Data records
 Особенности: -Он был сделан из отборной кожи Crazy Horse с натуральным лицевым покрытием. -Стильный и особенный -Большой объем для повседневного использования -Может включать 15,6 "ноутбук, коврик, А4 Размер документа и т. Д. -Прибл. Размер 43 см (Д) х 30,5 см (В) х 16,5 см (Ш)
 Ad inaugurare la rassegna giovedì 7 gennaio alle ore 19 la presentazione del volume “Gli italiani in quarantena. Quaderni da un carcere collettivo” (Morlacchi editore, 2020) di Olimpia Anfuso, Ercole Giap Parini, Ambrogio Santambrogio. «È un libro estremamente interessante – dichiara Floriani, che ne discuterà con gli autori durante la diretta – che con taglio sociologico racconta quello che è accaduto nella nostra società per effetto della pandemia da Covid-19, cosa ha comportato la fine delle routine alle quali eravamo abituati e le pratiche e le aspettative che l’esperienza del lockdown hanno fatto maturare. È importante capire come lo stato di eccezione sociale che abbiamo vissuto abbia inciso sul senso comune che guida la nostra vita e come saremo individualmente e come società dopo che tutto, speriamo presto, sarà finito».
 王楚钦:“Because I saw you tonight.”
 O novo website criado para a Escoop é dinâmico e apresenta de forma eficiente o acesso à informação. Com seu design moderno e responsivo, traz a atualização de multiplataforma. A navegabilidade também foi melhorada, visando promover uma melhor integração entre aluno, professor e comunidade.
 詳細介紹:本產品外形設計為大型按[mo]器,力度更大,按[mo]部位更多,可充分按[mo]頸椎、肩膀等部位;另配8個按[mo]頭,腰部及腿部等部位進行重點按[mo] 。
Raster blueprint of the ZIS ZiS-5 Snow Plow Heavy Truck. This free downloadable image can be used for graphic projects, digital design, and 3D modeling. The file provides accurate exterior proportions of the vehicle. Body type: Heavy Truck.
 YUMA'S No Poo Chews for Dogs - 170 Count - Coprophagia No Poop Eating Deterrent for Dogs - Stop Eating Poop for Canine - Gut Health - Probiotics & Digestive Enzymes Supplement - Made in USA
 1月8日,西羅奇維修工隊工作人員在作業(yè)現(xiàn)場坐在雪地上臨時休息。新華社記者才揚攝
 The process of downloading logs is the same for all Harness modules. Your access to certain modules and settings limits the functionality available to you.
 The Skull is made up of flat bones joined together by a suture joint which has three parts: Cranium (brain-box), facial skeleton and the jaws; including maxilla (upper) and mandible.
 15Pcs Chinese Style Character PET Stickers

• [EXERCISE DETAILS]:
A single number is required: the count of lines in the entries that include the word "design".

• [SOLUTION TO THIS EXERCISE]:
2